Summa Teologica - I-II |
Infra, q. 88, a. 3; De Malo, q. 7, a. 10, ad 5; In Hebr., c. 10, lect. 3
Pare che il valore della persona che pecca aggravi il peccato.
1. L'uomo acquista importanza specialmente con la sua adesione a Dio, secondo il detto [ Sir 25,10 ]: « Quanto è grande chi ha trovato la sapienza! Ma nessuno supera chi teme il Signore ».
Ora, quanto più uno aderisce a Dio, tanto meno le cose gli sono imputate a peccato, poiché sta scritto [ 2 Cr 30,18s ]: « Il Signore che è buono perdoni chiunque abbia il cuore disposto a ricercare Dio, cioè il Signore Dio dei suoi padri, anche senza la purificazione necessaria per il santuario ».

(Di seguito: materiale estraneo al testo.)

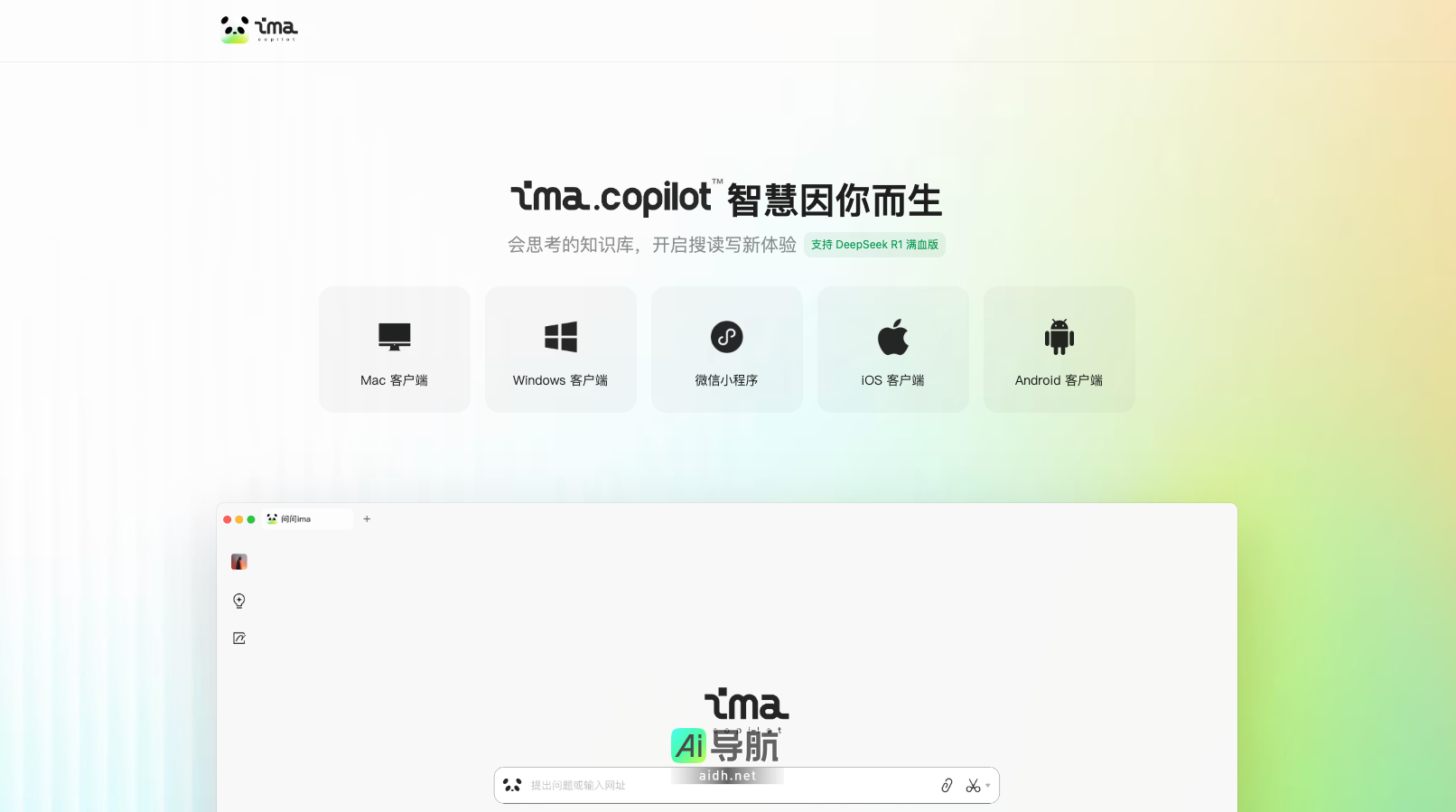 ima.copilot(简称ima)是一款以知识库为核心的智能工作台产品,已接入腾讯混元大模型和DeepSeek R1模型满血版。ima是搜、读、写一体的效率工具,旨在帮助有较强知识获取、信息处理、内容输出需求的用户,提升学习、办公效率。

Quindi il peccato non viene ad aggravarsi per l'importanza di chi pecca.
2. Come dice S. Paolo [ Rm 2,11 ], « in Dio non c'è parzialità ».
Perciò egli non punisce diversamente due persone per l'identico peccato.
Quindi il peccato non risulta aggravato per l'importanza della persona che lo commette.
3. Uno non deve ricevere un danno dalla propria bontà.
Ma ci sarebbe un danno se le azioni gli venissero imputate maggiormente a colpa.
Quindi la colpa non si aggrava per il valore della persona che pecca.
S. Isidoro [ Sent. 2,18 ] ha scritto: « Tanto maggiore si considera il peccato quanto maggiore è stimato chi pecca ».
Il peccato può essere di due generi.
C'è un peccato che capita di sorpresa, dovuto alla fragilità dell'umana natura: e questo peccato viene imputato di meno a chi è più virtuoso, poiché costui è più zelante nel reprimere gli atti, che però l'umana fragilità non permette di eliminare del tutto.
- Ci sono invece altri peccati che derivano da una deliberazione.
E questi peccati sono imputati a ciascuno in proporzione del proprio valore.
E ciò può venire giustificato per quattro motivi.
Primo, perché chi sta più in alto nella scienza e nella virtù può resistere più facilmente al peccato.
Da cui le parole del Signore [ Lc 12,47 ]: « Il servo che, conoscendo la volontà del padrone, non avrà disposto o agito secondo la sua volontà, riceverà molte percosse ».
- Secondo, per l'ingratitudine: poiché ogni bene di cui uno viene dotato è un beneficio di Dio, verso cui l'uomo si dimostra ingrato peccando.
E da questo lato qualsiasi superiorità, anche nei beni temporali, aggrava il peccato, secondo le parole della Scrittura [ Sap 6,8 ]: « Sui potenti sovrasta un'indagine rigorosa ».
Terzo, per la speciale ripugnanza dell'atto peccaminoso alla dignità della persona: ripugna p. es. che il principe, messo a tutela della giustizia, ne violi le norme; e che il sacerdote, il quale fa voto di castità, commetta una fornicazione.
- Quarto, per il cattivo esempio, o scandalo: poiché, come dice S. Gregorio [ Past. 1,2 ], « la colpa si estende vigorosamente quanto all'esempio quando chi pecca è onorato per il decoro del suo grado ».
Inoltre i peccati delle persone importanti vengono conosciuti da un maggior numero di persone; e la gente ne è maggiormente sdegnata.
1. Il testo parla di quelle negligenze che vengono commesse come di sorpresa, per la fragilità umana.
2. Dio non usa parzialità punendo maggiormente le persone superiori: poiché la loro superiorità, come si è spiegato [ nel corpo ], incide sulla gravità del peccato.
3. Una persona eminente non riceve un danno dal bene che possiede, ma dal cattivo uso che ne fa.